This Data Protection Policy outlines how your Personal Data will be managed in accordance with the Personal Data Protection Act (“PDPA”) which strives to protect personal data of individuals. Please take a moment to read this Data Protection Policy so that you know and understand the purposes for which we may collect, use and/or disclose your Personal Data.
What is the Personal Data Protection Act?
The PDPA establishes a data protection law that comprises various rules governing the collection, use, disclosure and care of personal data. It recognizes both the rights of individuals to protect their personal data, including rights of access and correction, and the needs of organizations to collect, use or disclose personal data for legitimate and reasonable purposes.
Objectives of the Personal Data Protection Act
Today, vast amounts of personal data are collected, used and even transferred to third party organizations for a variety of reasons. This trend is expected to grow exponentially as the processing and analysis of large amounts of personal data becomes possible with increasingly sophisticated technology.
With such a trend comes growing concerns from individuals about how their personal data is being used.
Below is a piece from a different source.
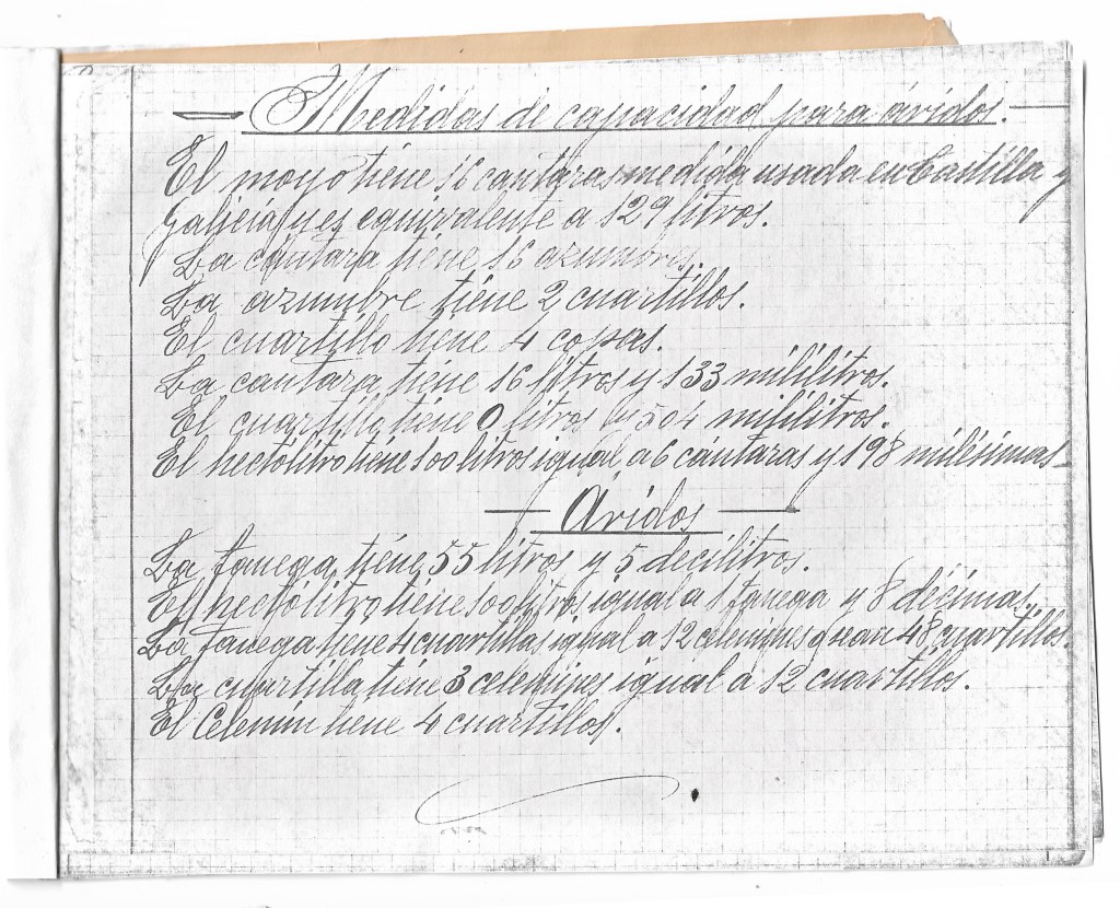 Otras medidas que siguieron usando los peraleos: fueron la cuartilla, el celemín y la fanega; todas medidas de capacidad empleadas para áridos (llamaban áridos a los cereales).

Hence, a data protection regime to govern the collection, use and disclosure of personal data is necessary to address these concerns and to maintain individuals’ trust in organizations that manage data.
How does the Personal Data Protection Act Work?
The PDPA will ensure a baseline standard of protection for personal data across the economy by complementing sector-specific legislative and regulatory frameworks. This means that organizations will have to comply with the PDPA as well as the common law and other relevant laws that are applied to the specific industry that they belong to, when handling personal data in their possession.
The PDPA takes into account the following concepts:
Consent – Organizations may collect, use or disclose personal data only with the individual’s knowledge and consent (with some exceptions);
Purpose – Organizations may collect, use or disclose personal data in an appropriate manner for the circumstances, and only if they have informed the individual of purposes for the collection, use or disclosure;
Reasonableness – Organizations may collect, use or disclose personal data only for purposes that would be considered appropriate to a reasonable person in the given circumstances.
1. Personal Data
In this Data Protection Policy, “Personal Data” refers to any data or information about you from which you can be identified either (a) from that data; or (b) from that data and other information to which we have or are likely to have access.
Examples of such Personal Data include:
Name, date of birth, and sex;
Nationality, NRIC number / FIN number / passport number;
Telephone and mobile phone number;
Personal and/or professional email address;
Personal data of your spouse and children
Photograph(s), video image, and CCTV footage;
Any other information that might be shared whilst you participate in our activities and events, contests, surveys and/or other
2. Collection of Personal Data.
We collect these personal data when necessary to meet the purposes for which the referred data were submitted.
3. Purposes for the Collection, Use and Disclosure of Personal Data.
We will only collect, hold, process, use, communicate and/or disclose such personal data, in accordance with this policy for the following purposes:
To respond to a particular request or for the purposes for which it was provided to us as stated at the time of the collection;
Inform you about our related updates, policies and other notices
Provide offers, invitations to events and deliver advertising messages via email or your mailing address with your prior consent or if otherwise permitted under local laws and regulations
Publish photos, in which you might appear, on our website or in our newsletter.
We will not use, disclose or process your Personal Data for purposes which are not stated above or for which we have not obtained your consent. If we wish to use, disclose or process your Personal Data for another purpose we will seek your prior written consent.
4. Disclosure of Personal Data
We do not disclose personal data to third parties except when required by law or when we have your consent or deemed consent to do it.
5. Withdrawal of Consent
If you wish to withdraw your consent to any use or disclosure of your Personal Data as set out in this Data Protection Policy, you may contact us via email at email@example.com
Please note that if you withdraw your consent to any or all use or disclosure of your Personal Data, depending on the nature of your request, we may not be in a position to continue to administer any relationship in place.
6. Access and Correction of your Personal Data
You may request access to or make corrections to your Personal Data records.
Please submit your request to our Data Protection Officer via email: firstname.lastname@example.org
7. Accuracy of Personal Data
We will make a reasonable effort to ensure that personal data collected by us or on our behalf is accurate and completed.
8. Security and Protection of Personal Data
We have implemented generally accepted standards of technology and operational security to protect the personal data in our possession or under our control and to prevent unauthorized access, collection, use, disclosure, copying, modification, disposal or similar risks.
9. Retention of Personal Data
We shall retain your personal data for as long as is necessary for the above mentioned purposes and take reasonable measures to destroy any personal data that is no longer necessary to meet those purposes.